German writer and resistance fighter (1884–1942)

Wolfgang Kreher Johannes "John" Graudenz (12 November 1884 – 22 December 1942) was a German journalist, press photographer, industrial representative and resistance fighter against the Nazi regime. Graudenz was most notable for being an important member of the Berlin-based anti-fascist resistance group that would later be named by the Gestapo as the Red Orchestra and was responsible for the technical aspect of the production of leaflets and pamphlets that the group produced.

==Family==
Born in Danzig, Kingdom of Prussia, Graudenz was the son of a saddler, and came from a large family with 10 siblings.

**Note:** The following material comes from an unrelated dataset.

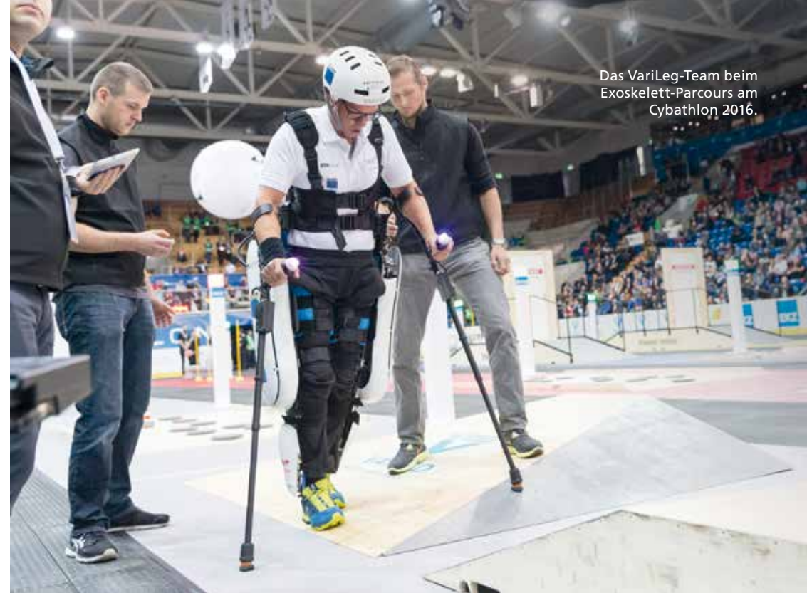
Das VariLeg-Team beim Exoskelett-Parcours am Cybathlon 2016.

Schon die Auswahl der Aufgaben zeigt, dass ein Knackpunkt dieser Hilfsmittel ihre Alltagstauglichkeit ist. Denn ausserhalb der kontrollierten Um-

Graudenz was married three times and also had an illegitimate daughter. In 1925, he married Antonie Wasmuth (died 1985), his third wife. She was the daughter of art publisher Ernst Wasmuth. Together they had two children, Silva and Karin.

==Life==
In 1901, aged 16 or 17, Graudenz left the family home after a quarrel with the father, to work in various German cities before travelling to England via Italy, France and Switzerland. He worked as a waiter, tourist guide and hotel manager and learned a number of different languages before arriving in Berlin in 1908.

In 1916, Graudenz started journalistic his career as an assistant to the Berlin correspondent of the United Press International and in the same year took over responsibility of the management of the Berlin office of United Press.

In March 1920 Graudenz was involved in resisting the Kapp Putsch that took place in Berlin and was an attempt to overthrow the Weimar Republic. At the time Graudenz worked in the information office of the coup's opponents and became a comrade-in-arms of the opponents of the coup and for a short time was a member of the Communist Workers' Party of Germany (Kommunistische Arbeiter-Partei Deutschlands; KAPD). It is even possible that he was a founding member of the KAPD. In 1921 he was posted to the Soviet Union and wrote favourably of Lenin as a journalist for the United Press agency in Moscow.
In 1924 he was the first to report the death of Lenin in America.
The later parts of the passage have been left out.